A total of 110 patients (27 female and 83 male) with a median age of 60.9 years (range 36.0–80.0 years) were included. A total of 66 (60.0%) presented with an adenocarcinoma and 44 (40.0%) with a squamous cell carcinoma of the esophagus without lymph node involvement on routine histopathology (pN0), respectively. All patients had consistently undergone transthoracic en-bloc esophagectomy with a median lymph node yield of 23.0 (range 18.0–60.0). A tumor recurrence was found in 39 (35.5%) patients and 25 (22.7%) patients died due to a tumor related cause within the observational period. In detail, the 1-year survival rate was 91.8%, the 3-year survival rate was 80.0%, and 5-year survival rate was calculated to be 77.3%, respectively. Table 1 gives a summary of tumor variables and the characteristics of patients enrolled in the study.

Table 1

Comparison of the lymph node/bone marrow micrometastases status with patients’ clinicopathological characteristics.

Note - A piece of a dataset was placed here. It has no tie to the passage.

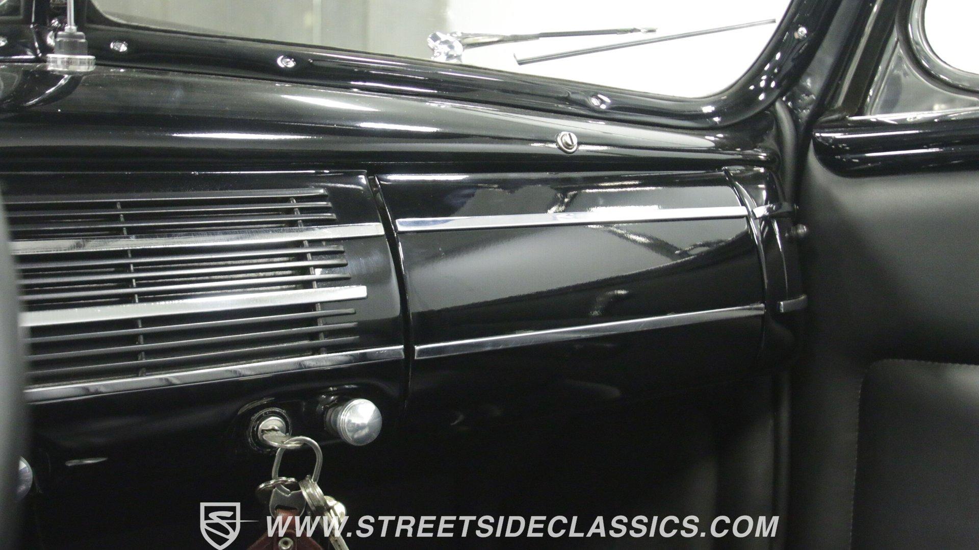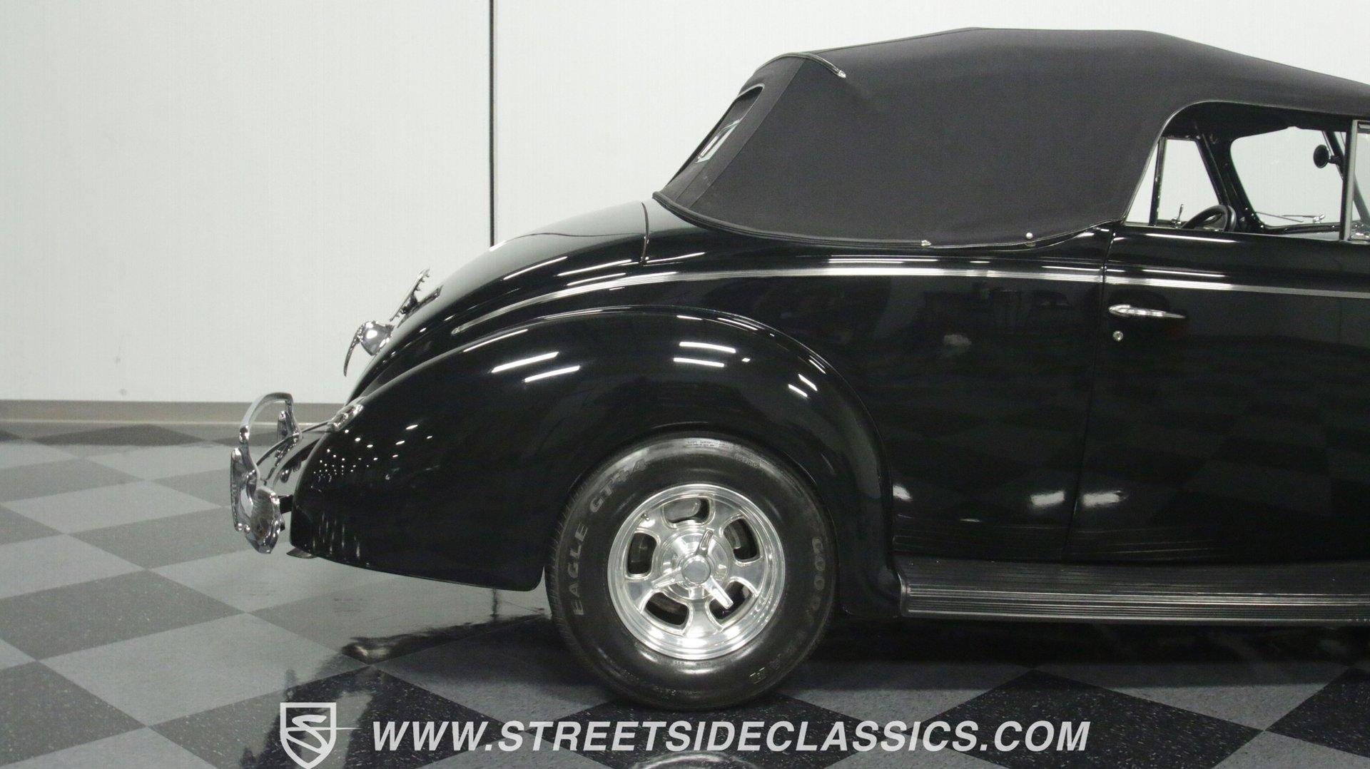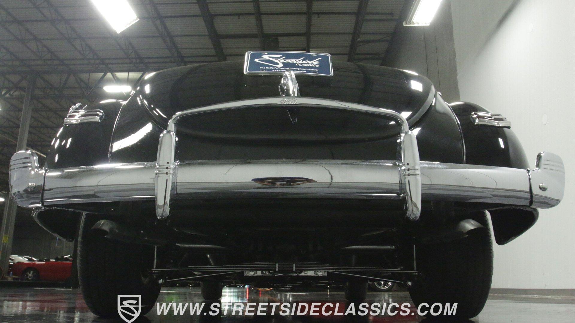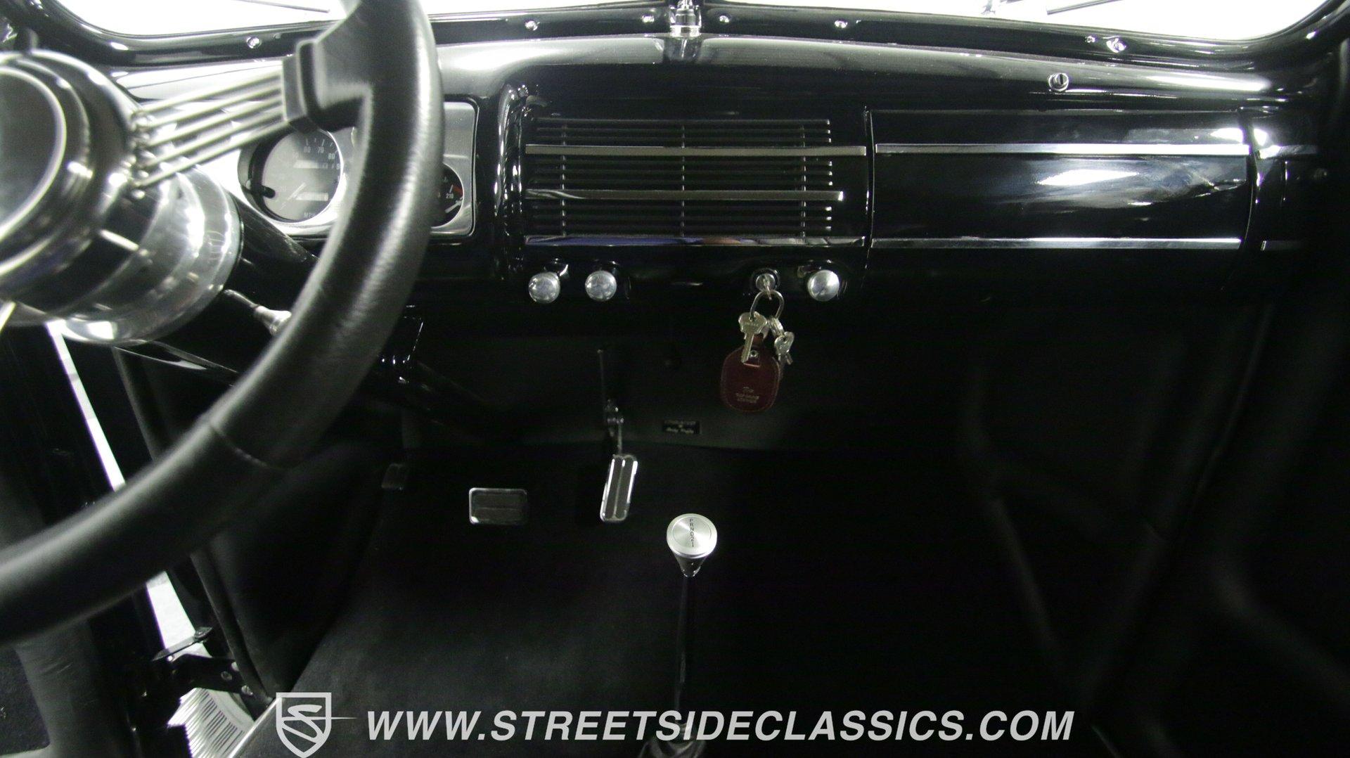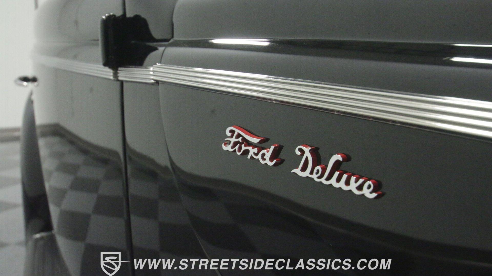 This show-stopping, sinister 1940 Ford Deluxe Convertible is the epitome of a grown-up hotrod. No gaudy flames, no goofy body mods, no obnoxious exhaust, just a show-quality custom build that likely cost thousands more than the asking price that delivers a professional level of performance and curb appeal. With a powerful 350 V8 under the hood, an upgraded sports suspension featuring power 4-wheel disc brakes, a luxurious black leather interior, and a super-slick, steel body covered in gallons of elegant black paint, this all-time favorite hotrod was built to show-or-go, and it does it all in a very BIG way. Everybody loves the iconic 1940 Ford, so much so that they're still cranking out fiberglass replicas today. Fortunately, this one has a steel body and fenders, so it feels incredibly substantial and was put together by professionals so it looks loads better than it did when it was new. The pointed hood and grille are icons in the hobby and despite the amazing build and practically flawless performance of this car, they decided to keep things low-key and let the paint do all the talking. When it comes to a black finish, you better ensure the body is laser-straight and free of flaws because dark colors are very unforgiving when it comes to poor prep-work, and it's obvious the builders spent countless hours getting this one lined up just right. It's been driven and enjoyed since the restoration was completed, so it's no longer perfect, but any imperfections are very minor and can barely be seen by the naked eye. The miles-deep, shiny black finish accentuates the Ford's generous curves without hiding anything, and the traditional color will never look dated and always bring out the crowds. That's good news, because fit and finish are fantastic as well, with excellent gaps and a spectacular luster that should most of the trophies at your local car show. They didn't shave or chop anything, and the original brightwork and trim was restored and reinstalled, so it looks like a 1940 Ford in every way. Stock chrome bumpers fore and aft, teardrop headlights, and chevron-style taillights all give this Ford a very high-quality look and feel, and it looks slick-as-can-be with the top up or down. Open those long, heavy doors and take a look inside where the stunning black leather interior is essentially a work of art. Subtle and sophisticated, it was custom crafted to maximize space inside, so just about anyone can get comfortable behind the wheel or in the passenger's seat. The black leather hides are almost completely unmarked (other than a few minor comfort marks), and the supportive bucket seats up front and matching rear seat in the back make this '40 Ford all-day comfortable for the whole crew. Sculpted door panels integrate billet door handles and modern power window switches, plush black carpets line the floors and insulate things inside, and the dash was beautifully painted to match and really pops thanks to those chrome accents. A custom chrome bezel houses a host of VDO gauges ahead of the driver, and they do a great job keeping an eye on the motor up ahead while still giving the cabin a very 1940s look. The leather-wrapped, banjo-style steering wheel feels great in the hands of the driver, and thanks to the tilt column it can be adjusted to accommodate just about anyone, and even the billet pedals were carefully selected to match the theme of the interior. A Lokar shifter manages the automatic transmission below, and there's a beautifully stitched black cloth convertible top that's power-actuated and seals up the cabin from the outside world. Out back, the spacious trunk was lined with plush black carpets to match the cabin, and there's plenty of room inside to account for most travel plans. Under all that chrome, there's a 350 cubic inch V8, chosen specifically because of its low demands for the new owner. Plenty powerful, it's a crate motor from GM Performance Parts that's reported to have been stroked to 383 cubes (although, unfortunately we don't have any paperwork to prove this claim), and with all that added horsepower and torque it moves the Ford with effortless ease. Performance parts include GM Performance heads, an Edelbrock 4-barrel carburetor, a polished aluminum intake, and long-tube headers at the flanks that make the small block extremely responsive. Just about everything you can see was polished or plated, including the finned valve covers and matching air cleaner, and the builders went to great lengths to hide all the wiring and plumbing. Backed by a TH350 3-speed automatic transmission and a swapped-in Corvette C3 rear end, it's an effortless high-speed tourer that rides and handles like a modern car, and a big aluminum radiator up front keeps the whole show nice and cool. The front suspension is all independent and features tubular A-arms with coilovers and rack-and-pinion steering, and there's a power disc brake at each corner. The frame is heavily reinforced while the custom stainless exhaust system tucks up underneath for excellent ground clearance, and it sounds amazing, too. Staggered chrome alloys with spinners carry 165/15 front and 235/70/15 rear Dunlop radials that really fill the fenders perfectly in the classic big-and-little stance. This isn't your average hotrod, but if you're an adult who is tired of the same-old, same-old at all the car shows, this stunning 1940 Ford convertible is the antidote. Call today!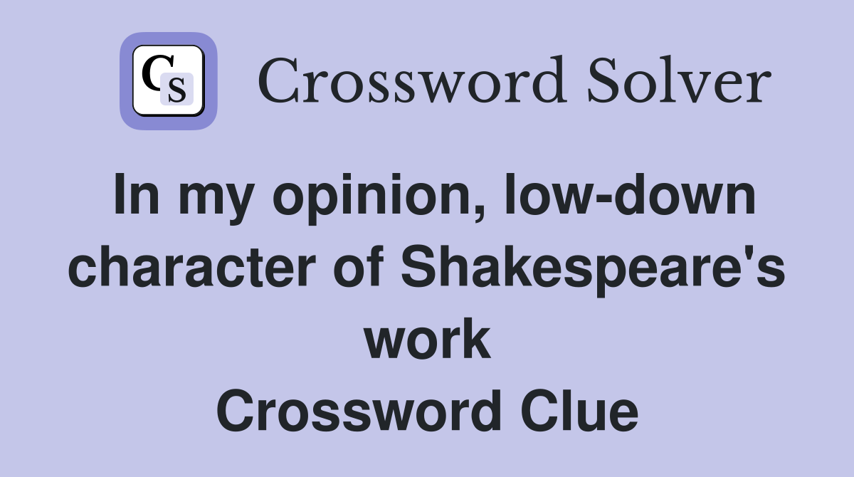 In my opinion low down character of Shakespeare #39 s work Crossword

Variables	All	LNMM and BNMM Negative	LNMM Positive and BNMM Negative	p Value	LNMM Negative and BNMM Positive	p Value	LNMM and BNMM Positive	p Value
Patients	110 (100.0%)	41 (37.3%)	15 (13.6%)	n.a.	31 (28.2%)	n.a.	23 (20.9%)	n.a.
Age (years)
≤60	53 (48.2%)	21 (51.2%)	8 (53.3%)	0.999	13 (41.9%)	0.868	11 (47.8%)	0.994
>60	57 (51.8%)	20 (48.8%)	7 (46.7%)		18 (58.1%)		12 (52.2%)
Sex
Male	83 (75.5%)	33 (80.5%)	9 (60.0%)	0.398	22 (71.0%)	0.790	19 (82.6%)	0.998
Female	27 (24.5%)	8 (19.5%)	6 (40.0%)		9 (29.0%)		4 (17.4%)
pT category
pT1	24 (21.8%)	13 (31.7%)	2 (13.3%)	0.112	8 (25.8%)	0.938	1 (4.3%)	0.017
pT2	35 (31.8%)	13 (31.7%)	3 (20.0%)		12 (38.7%)		7 (30.4%)
pT3	37 (33.6%)	13 (31.7%)	7 (46.7%)		7 (22.6%)		10 (43.5%)
pT4	14 (12.7%)	2 (4.9%)	3 (20.0%)		4 (12.9%)		5 (21.7%)
UICC stage
I	24 (21.8%)	13 (31.7%)	2 (13.3%)	0.175	8 (25.8%)	0.975	1 (4.3%)	0.011
II	72 (65.5%)	28 (63.4%)	10 (66.7%)		19 (61.3%)		17 (73.9%)
III	14 (12.7%)	2 (4.9%)	3 (20.0%)		4 (12.9%)		5 (21.7%)
Grading
G1	11 (10.0%)	6 (14.6%)	1 (6.7%)	0.516	2 (6.5%)	0.988	2 (8.7%)	0.970
G2	65 (59.1%)	23 (56.1%)	7 (46.7%)		21 (67.7%)		14 (60.9%)
G3	34 (30.9%)	12 (29.3%)	7 (46.7%)		8 (25.8%)		7 (30.4%)
Histology								0.351
AC	66 (60.0%)	20 (48.8%)	13 (86.7%)	0.050	17 (54.8%)	0.952	16 (69.6%)
SCC	44 (40.0%)	21 (51.2%)	2 (13.3%)		14 (45.2%)		7 (30.4%)
Recurrence
Negative	71 (64.5%)	34 (82.9%)	8 (53.3%)	0.113	23 (74.2%)	0.832	6 (26.1%)	<0.001
Positive	39 (35.5%)	7 (17.1%)	7 (46.7%)		8 (25.8%)		17 (73.9%)
Survival
Alive	85 (77.3%)	37 (90.2%)	11 (73.3%)	0.489	26 (83.9%)	0.905	11 (47.8%)	<0.001
Deceased	25 (22.7%)	4 (9.8%)	4 (26.7%)		5 (16.1%)		12 (52.2%)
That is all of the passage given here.